→ **Records to use**
*** Block opens ***
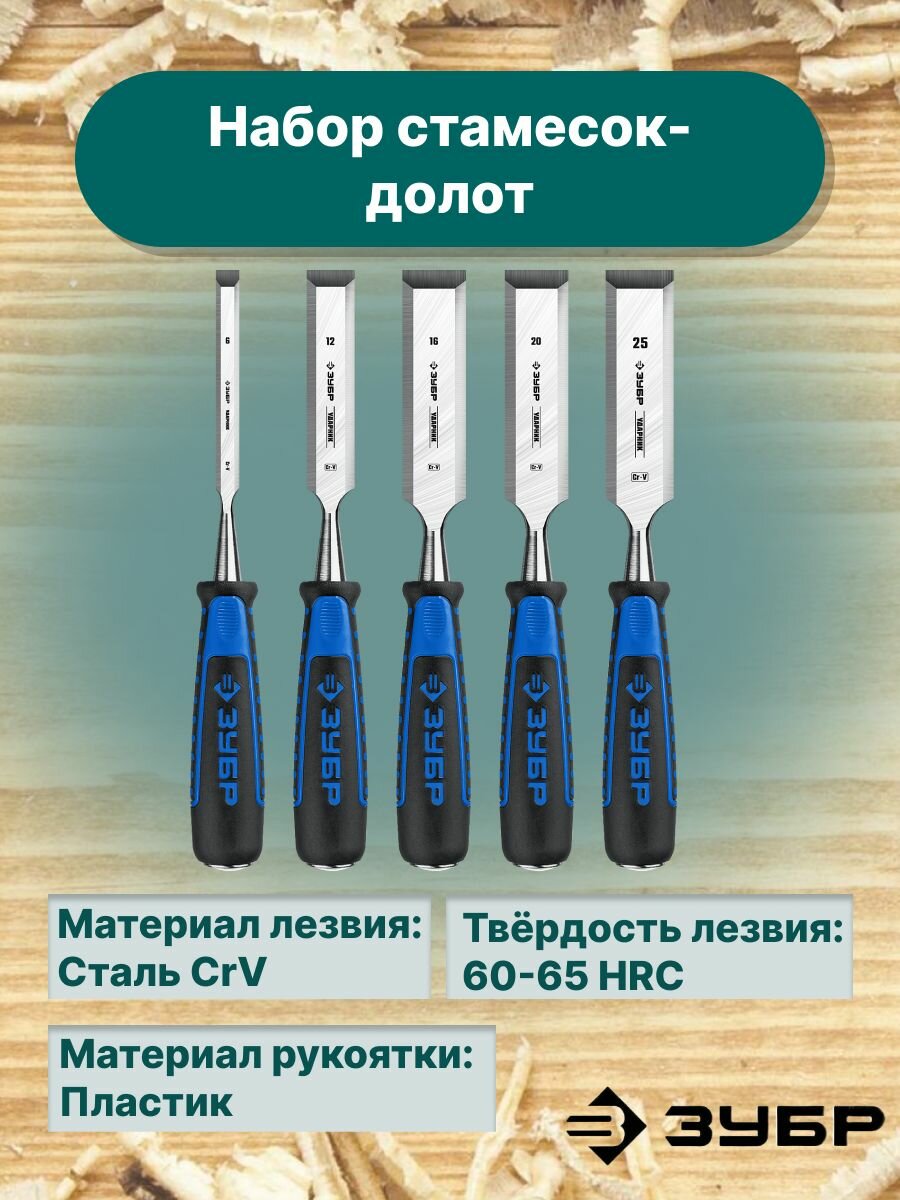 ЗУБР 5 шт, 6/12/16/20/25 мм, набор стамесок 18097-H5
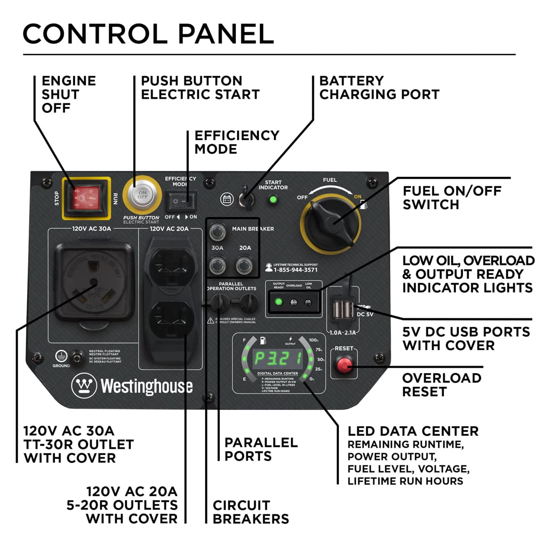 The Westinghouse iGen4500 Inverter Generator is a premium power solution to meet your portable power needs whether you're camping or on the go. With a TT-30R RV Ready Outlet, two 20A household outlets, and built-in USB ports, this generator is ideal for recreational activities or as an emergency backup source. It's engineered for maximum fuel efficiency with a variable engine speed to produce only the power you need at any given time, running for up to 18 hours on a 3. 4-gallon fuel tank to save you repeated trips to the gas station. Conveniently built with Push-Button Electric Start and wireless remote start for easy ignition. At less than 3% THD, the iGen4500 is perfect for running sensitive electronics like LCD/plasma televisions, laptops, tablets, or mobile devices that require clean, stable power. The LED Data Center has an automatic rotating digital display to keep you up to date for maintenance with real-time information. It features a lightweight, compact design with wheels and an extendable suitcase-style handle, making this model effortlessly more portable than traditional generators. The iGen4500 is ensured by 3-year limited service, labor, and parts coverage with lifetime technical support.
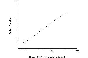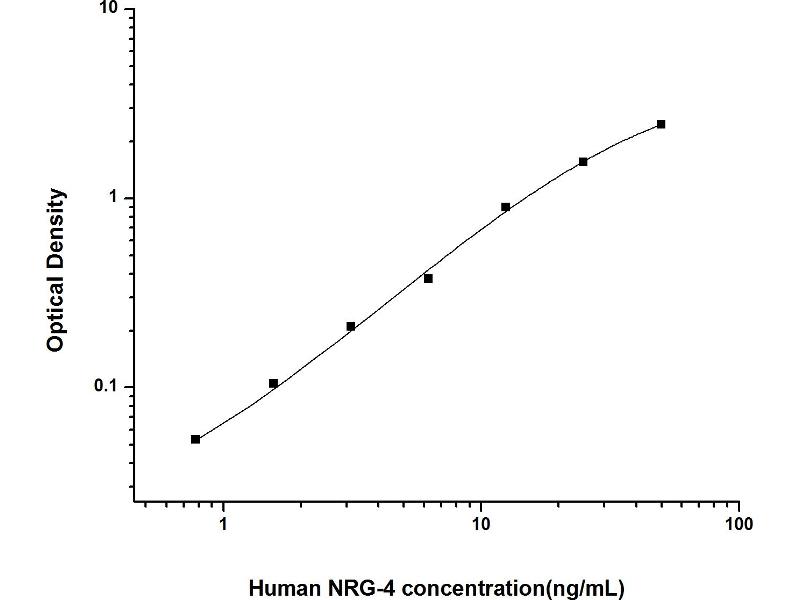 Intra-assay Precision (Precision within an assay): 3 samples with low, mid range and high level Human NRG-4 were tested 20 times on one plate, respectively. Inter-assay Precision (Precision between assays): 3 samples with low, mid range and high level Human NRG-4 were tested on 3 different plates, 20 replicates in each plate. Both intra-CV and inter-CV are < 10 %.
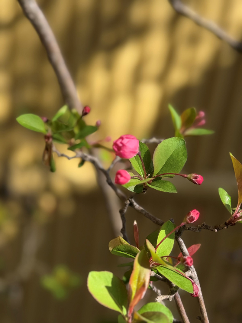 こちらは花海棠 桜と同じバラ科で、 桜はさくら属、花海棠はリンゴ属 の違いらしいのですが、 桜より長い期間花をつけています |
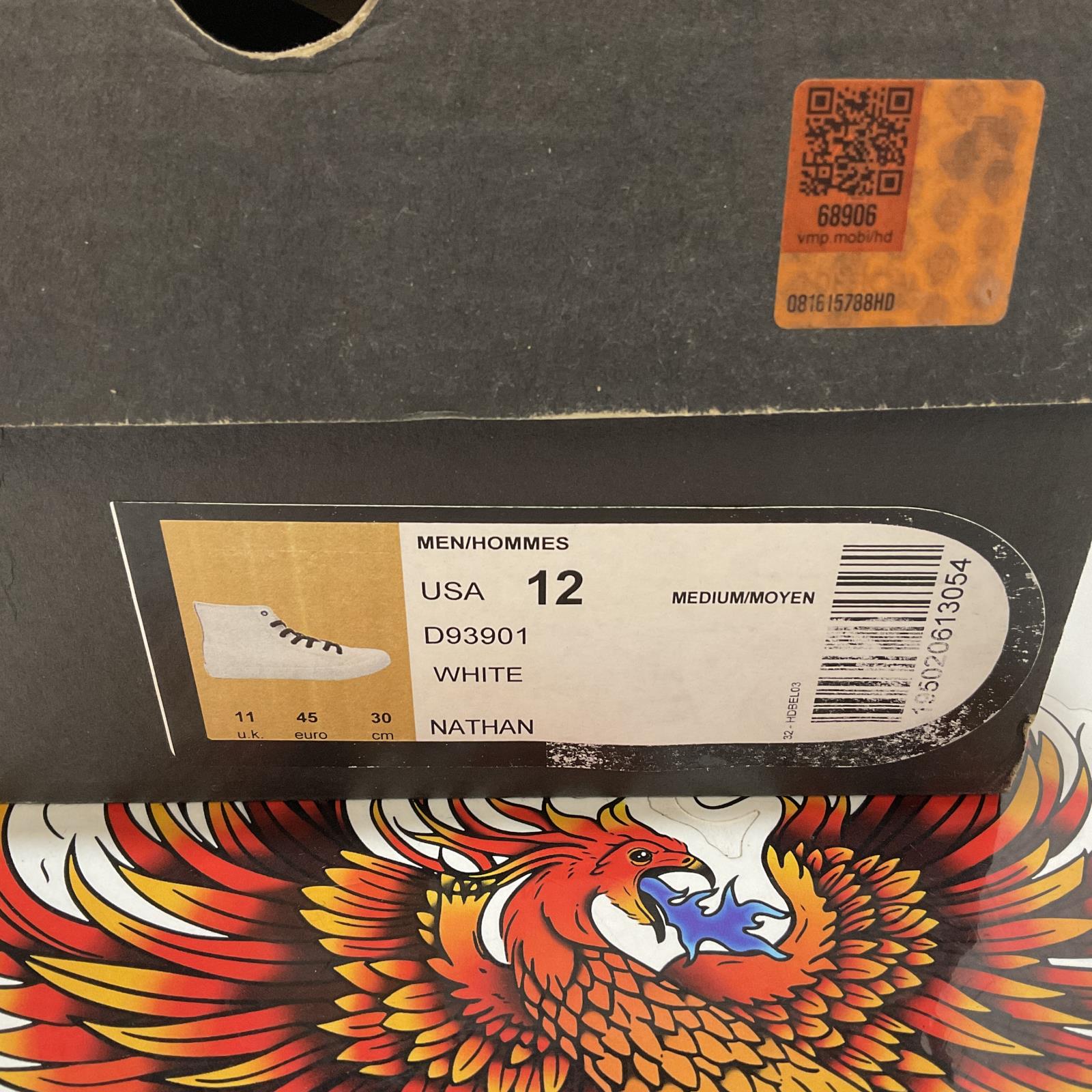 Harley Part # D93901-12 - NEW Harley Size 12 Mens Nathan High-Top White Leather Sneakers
*** Block closes ***
→ **Exercise directions**
The copy should match the records above exactly, except that pictures are dropped.

→ **Answer below**
 ЗУБР 5 шт, 6/12/16/20/25 мм, набор стамесок 18097-H5
 The Westinghouse iGen4500 Inverter Generator is a premium power solution to meet your portable power needs whether you're camping or on the go. With a TT-30R RV Ready Outlet, two 20A household outlets, and built-in USB ports, this generator is ideal for recreational activities or as an emergency backup source. It's engineered for maximum fuel efficiency with a variable engine speed to produce only the power you need at any given time, running for up to 18 hours on a 3. 4-gallon fuel tank to save you repeated trips to the gas station. Conveniently built with Push-Button Electric Start and wireless remote start for easy ignition. At less than 3% THD, the iGen4500 is perfect for running sensitive electronics like LCD/plasma televisions, laptops, tablets, or mobile devices that require clean, stable power. The LED Data Center has an automatic rotating digital display to keep you up to date for maintenance with real-time information. It features a lightweight, compact design with wheels and an extendable suitcase-style handle, making this model effortlessly more portable than traditional generators. The iGen4500 is ensured by 3-year limited service, labor, and parts coverage with lifetime technical support.
 Intra-assay Precision (Precision within an assay): 3 samples with low, mid range and high level Human NRG-4 were tested 20 times on one plate, respectively. Inter-assay Precision (Precision between assays): 3 samples with low, mid range and high level Human NRG-4 were tested on 3 different plates, 20 replicates in each plate. Both intra-CV and inter-CV are < 10 %.
 こちらは花海棠 桜と同じバラ科で、 桜はさくら属、花海棠はリンゴ属 の違いらしいのですが、 桜より長い期間花をつけています |
 Harley Part # D93901-12 - NEW Harley Size 12 Mens Nathan High-Top White Leather Sneakers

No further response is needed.